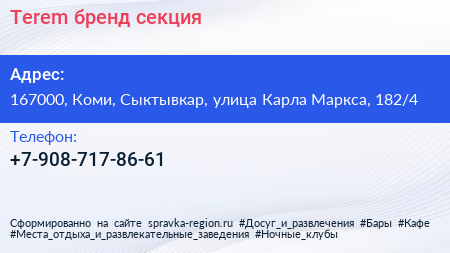 Terem, бренд-секция по адресу 167000, Коми, Сыктывкар, улица Карла Маркса, 182/4 в дальнейшем Организация, размещена в следующих категориях:
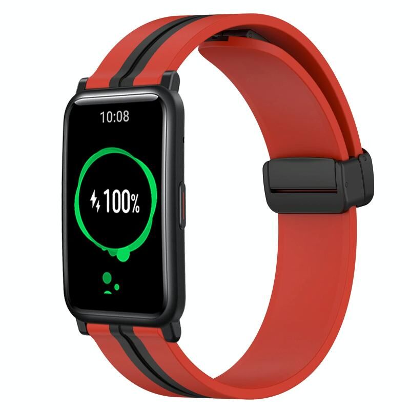 Για το Honor Watch ES 20mm Πτυσσόμενο μαγνητικό κούμπωμα ζώνη ρολογιού σιλικόνης (κόκκινο + μαύρο)
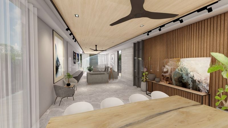 Step into a world of modern luxury as you enter this brand-new designer home, where abundant natural light floods through floor-to-ceiling glass doors, illuminating the exquisite marble-clad interiors. The open-concept living area, adorned with a striking wood-slat feature wall and elegant track lighting, seamlessly connects to lush greenery and the inviting private lap pool, creating a serene ambiance that feels both sophisticated and welcoming.
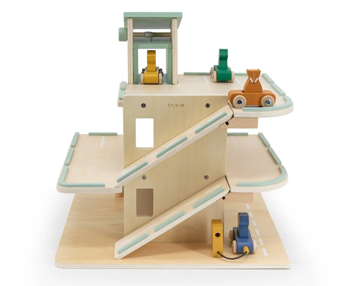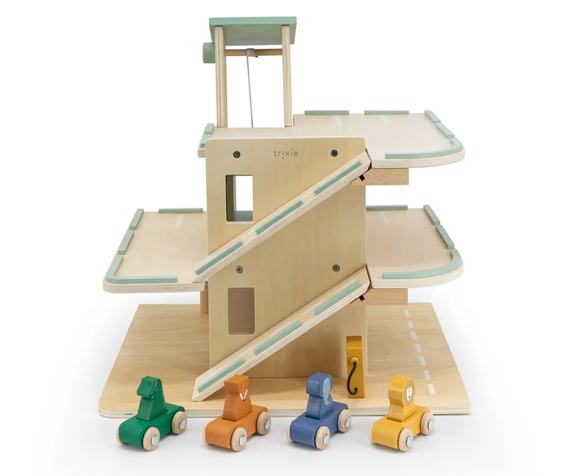 Los animales de Trixie están buscando un lugar para estacionar su cochecitos. Suben a la azotea del garaje utilizando el ascensor.

______________________________

_What you will do_. In full and without change, repeat the material above, minus the pictures.

_Task answer_.
 Terem, бренд-секция по адресу 167000, Коми, Сыктывкар, улица Карла Маркса, 182/4 в дальнейшем Организация, размещена в следующих категориях:
 Για το Honor Watch ES 20mm Πτυσσόμενο μαγνητικό κούμπωμα ζώνη ρολογιού σιλικόνης (κόκκινο + μαύρο)
 Step into a world of modern luxury as you enter this brand-new designer home, where abundant natural light floods through floor-to-ceiling glass doors, illuminating the exquisite marble-clad interiors. The open-concept living area, adorned with a striking wood-slat feature wall and elegant track lighting, seamlessly connects to lush greenery and the inviting private lap pool, creating a serene ambiance that feels both sophisticated and welcoming.
 Los animales de Trixie están buscando un lugar para estacionar su cochecitos. Suben a la azotea del garaje utilizando el ascensor.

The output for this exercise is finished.